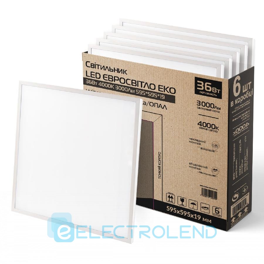 Светильник LED ЕВРОСВЕТ ЭКО 36Вт 4000К 3000Лм 595*595*19 универсальный/лента/ОПАЛ 000058748
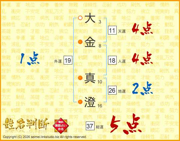 大金真澄さんの地運は26画の2点!
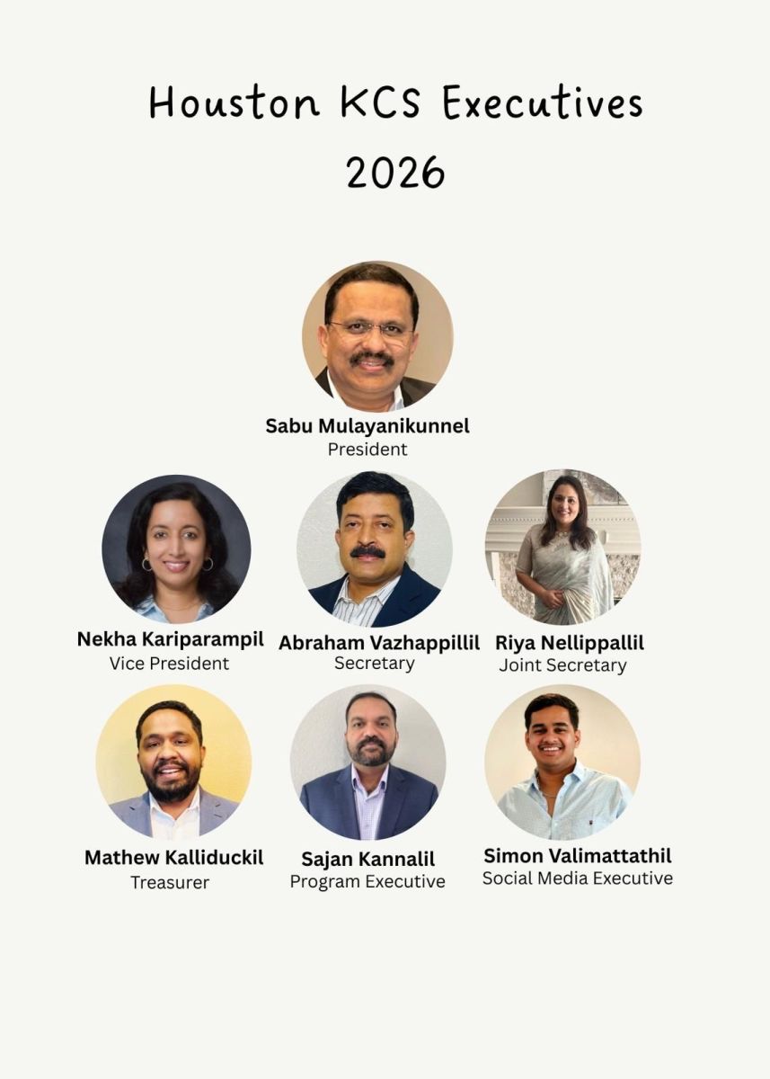 ഹൂസ്റ്റണ്: ഹൂസ്റ്റണിലെ ക്നാനായ സമുദായത്തെ അര്പ്പണ ബോധത്തോടെ സേവിക്കുന്നതിന് സാമൂഹിക പ്രതിബദ്ധതയുള്ളവരുടെ പുതിയ ടീം നിയോഗിക്കപ്പെട്ടു. ഹൂസ്റ്റണ് ക്നാനായ കാത്തലിക് സൊസൈറ്റിയുടെ (എച്ച്.കെ.സി.എസ്) 2026 ഭരണ സമിതിയുടെ പ്രസിഡന്റായി സാബു ജോസഫ് മുളയാനിക്കുന്നേലും വൈസ് പ്രസിഡന്റായി നേഖ മാത്യു കരിപ്പറമ്പിലും തിരഞ്ഞെടുക്കപ്പെട്ടു. എബ്രഹാം വാഴപ്പള്ളില് ആണ് സെക്രട്ടറി.
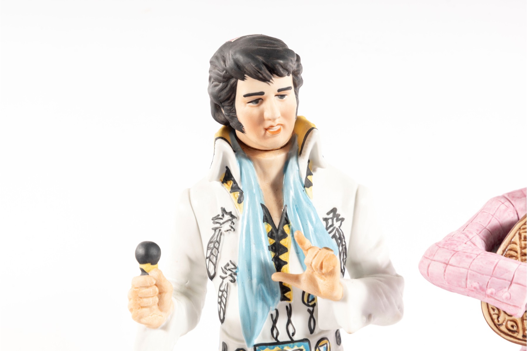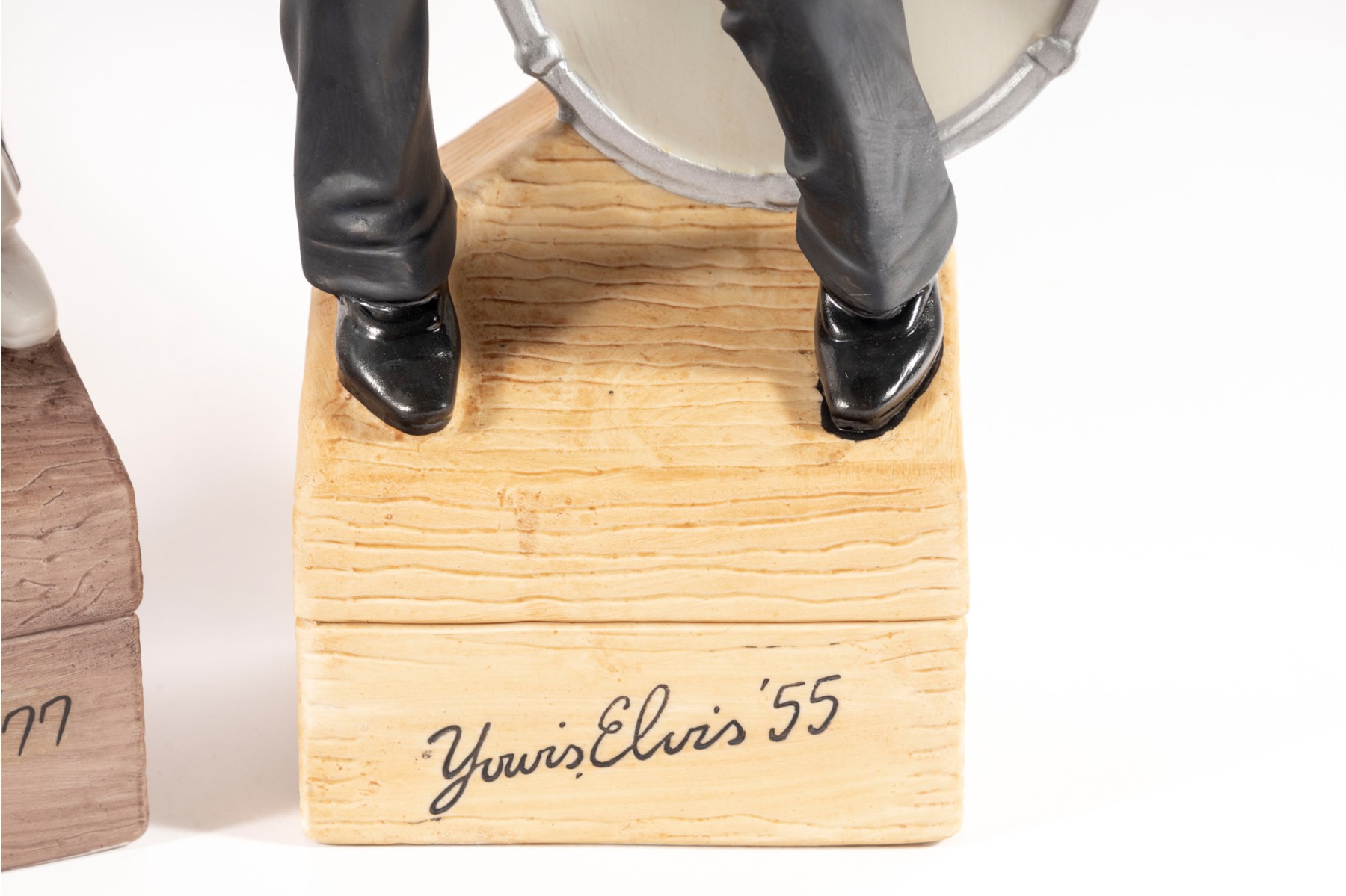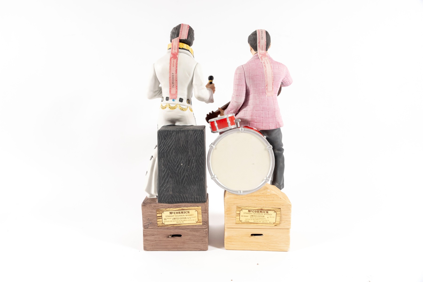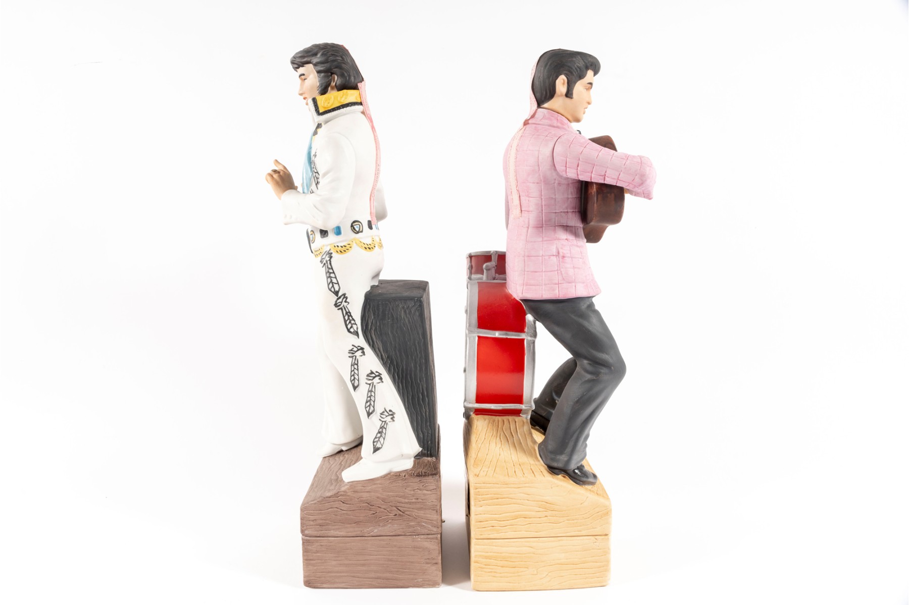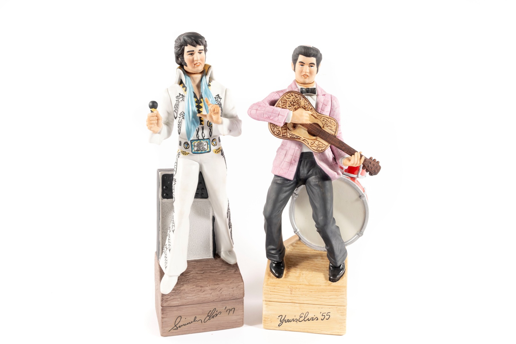 A pair of Bourbon Whiskey decanters, 1955 - 1977 limited edition Elvis Presley bottles crafted of hand-painted porcelain. Features removable heads which serve as corks, and contains the original whiskey. Paper seals are broken, see photos for details.
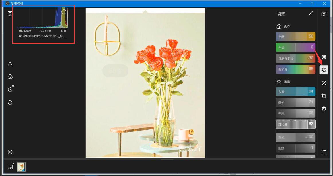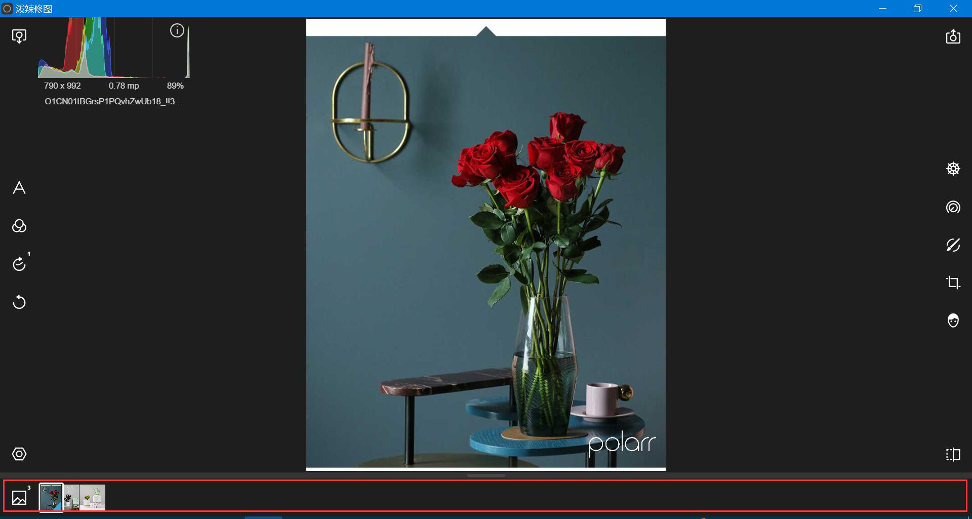 现在很多没有学习过平面设计的用户,在修图的时候都常常会用到泼辣修图。而对于新用户来说,怎么看直方图来判断对比度、曝光度?怎么用泼辣修图将图片批量导入导出?还有,如果后续要用手机修改的话,怎么修改?为了解决用户的这些问题,本文将和大家分享泼辣修图资深玩家教程,帮助新玩家轻松变成资深玩家,做出自己满意的图片。 泼辣修图使用常见问题 1、泼辣修图资深玩家用直方图判断图片的方法 首先,打开一张图片,当鼠标点击图片的时候,泼辣修图的界面就会出现一个直方图,如下图。可以看到直方图主要是在左侧凸起的,说明这张图片的亮度是不够的。  然后,在“调整”工具中,调节它的色彩、光效,提高它的画面22. 失恋算个啥?轻轻的,你走吧,千万别后悔,因为只要你一挥手,就会发现,已经有那等不及的意中人,正偷偷摸摸地拉俺的手!曝光度和对比度。但是图片失真,所以,还要进一步处理。  最后,当直方图中凸起的部分主要集中在中间区域的时候,说明该图的亮度和对比度都趋于正常了,此时,会看到图片明显更美观、自然。  2、泼辣修图资深玩家批量导入导出图片的方法 对于泼辣修图非资深玩家来说,可以这样批量导入导出图片。在自己运行的泼辣修图界面最下方,可以看到它有照片流的展示,用户可以一次性导入200张图片,非常地人性化。  将图片批量优化完毕后,还可以对点击泼辣修图右上角的“保存图片”。在它弹出来的保存向导页中,切换到“批量”,点选“批量保存”即可。  3、泼辣修图资深玩家后续用手机修图的方法 有时候,用户因为某些原因无法再继续在电脑上对图片进行编辑优化。就可以打开自己iPhone上的3D Touch。然后重压自己手机中下载的泼辣修图APP图标进入泼辣修图。  进入泼辣修图后,用户可以继续对自己没有完成优化的图片进行编辑修改。泼辣修图资深玩家还可以在图库中预览,让它变成全屏演示。  很多修图软件都实现不了图片的批量导入导出,也实现不了电脑手机无缝同步修改的功能,而泼辣修图却能实现。用户如果想将图片优化得更精美,那建议在修图过程中要留意直方图的数据和变化。 -
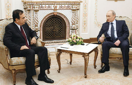 俄羅斯總理普京(右)2日在莫斯科會見雷諾-日產(chǎn)公司CEO卡洛斯·戈恩(左)時表示,雷諾-日產(chǎn)可以有機會收購俄最大汽車生產(chǎn)商伏爾加汽車公司的控制股。
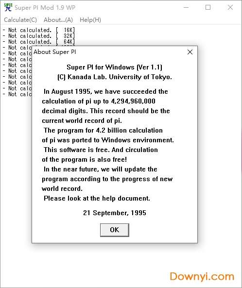 super pi是一款专用于检测cpu稳定性的软件,软件通过计算圆周率让cpu高负荷运作,以达到考验cpu计算能力与稳定性的作用。该软件的使用很简单,下载运行后,单击软件主界面“计算”菜单,软件将弹出对话框让你选择要计算的圆周率位数,计算的位数越多,检测时间越长,对cpu的考验也越大。通常一般情况下可以选择104万位的运算,如果要求较高则可以选择419万位的运算。如果cpu能够在最高的3355万位的检测中通过,则该cpu将能够在非常苛刻的环境下稳定运行。
----------------------------------------
** TASK STATEMENT **
Every entry above should come back exactly as written, except for its pictures.

** OUTPUT FOR THIS TASK **
 Светильник LED ЕВРОСВЕТ ЭКО 36Вт 4000К 3000Лм 595*595*19 универсальный/лента/ОПАЛ 000058748
 大金真澄さんの地運は26画の2点!
 ഹൂസ്റ്റണ്: ഹൂസ്റ്റണിലെ ക്നാനായ സമുദായത്തെ അര്പ്പണ ബോധത്തോടെ സേവിക്കുന്നതിന് സാമൂഹിക പ്രതിബദ്ധതയുള്ളവരുടെ പുതിയ ടീം നിയോഗിക്കപ്പെട്ടു. ഹൂസ്റ്റണ് ക്നാനായ കാത്തലിക് സൊസൈറ്റിയുടെ (എച്ച്.കെ.സി.എസ്) 2026 ഭരണ സമിതിയുടെ പ്രസിഡന്റായി സാബു ജോസഫ് മുളയാനിക്കുന്നേലും വൈസ് പ്രസിഡന്റായി നേഖ മാത്യു കരിപ്പറമ്പിലും തിരഞ്ഞെടുക്കപ്പെട്ടു. എബ്രഹാം വാഴപ്പള്ളില് ആണ് സെക്രട്ടറി.
 A pair of Bourbon Whiskey decanters, 1955 - 1977 limited edition Elvis Presley bottles crafted of hand-painted porcelain. Features removable heads which serve as corks, and contains the original whiskey. Paper seals are broken, see photos for details.
 现在很多没有学习过平面设计的用户,在修图的时候都常常会用到泼辣修图。而对于新用户来说,怎么看直方图来判断对比度、曝光度?怎么用泼辣修图将图片批量导入导出?还有,如果后续要用手机修改的话,怎么修改?为了解决用户的这些问题,本文将和大家分享泼辣修图资深玩家教程,帮助新玩家轻松变成资深玩家,做出自己满意的图片。 泼辣修图使用常见问题 1、泼辣修图资深玩家用直方图判断图片的方法 首先,打开一张图片,当鼠标点击图片的时候,泼辣修图的界面就会出现一个直方图,如下图。可以看到直方图主要是在左侧凸起的,说明这张图片的亮度是不够的。  然后,在“调整”工具中,调节它的色彩、光效,提高它的画面22. 失恋算个啥?轻轻的,你走吧,千万别后悔,因为只要你一挥手,就会发现,已经有那等不及的意中人,正偷偷摸摸地拉俺的手!曝光度和对比度。但是图片失真,所以,还要进一步处理。  最后,当直方图中凸起的部分主要集中在中间区域的时候,说明该图的亮度和对比度都趋于正常了,此时,会看到图片明显更美观、自然。  2、泼辣修图资深玩家批量导入导出图片的方法 对于泼辣修图非资深玩家来说,可以这样批量导入导出图片。在自己运行的泼辣修图界面最下方,可以看到它有照片流的展示,用户可以一次性导入200张图片,非常地人性化。  将图片批量优化完毕后,还可以对点击泼辣修图右上角的“保存图片”。在它弹出来的保存向导页中,切换到“批量”,点选“批量保存”即可。  3、泼辣修图资深玩家后续用手机修图的方法 有时候,用户因为某些原因无法再继续在电脑上对图片进行编辑优化。就可以打开自己iPhone上的3D Touch。然后重压自己手机中下载的泼辣修图APP图标进入泼辣修图。  进入泼辣修图后,用户可以继续对自己没有完成优化的图片进行编辑修改。泼辣修图资深玩家还可以在图库中预览,让它变成全屏演示。  很多修图软件都实现不了图片的批量导入导出,也实现不了电脑手机无缝同步修改的功能,而泼辣修图却能实现。用户如果想将图片优化得更精美,那建议在修图过程中要留意直方图的数据和变化。 -
 俄羅斯總理普京(右)2日在莫斯科會見雷諾-日產(chǎn)公司CEO卡洛斯·戈恩(左)時表示,雷諾-日產(chǎn)可以有機會收購俄最大汽車生產(chǎn)商伏爾加汽車公司的控制股。
 super pi是一款专用于检测cpu稳定性的软件,软件通过计算圆周率让cpu高负荷运作,以达到考验cpu计算能力与稳定性的作用。该软件的使用很简单,下载运行后,单击软件主界面“计算”菜单,软件将弹出对话框让你选择要计算的圆周率位数,计算的位数越多,检测时间越长,对cpu的考验也越大。通常一般情况下可以选择104万位的运算,如果要求较高则可以选择419万位的运算。如果cpu能够在最高的3355万位的检测中通过,则该cpu将能够在非常苛刻的环境下稳定运行。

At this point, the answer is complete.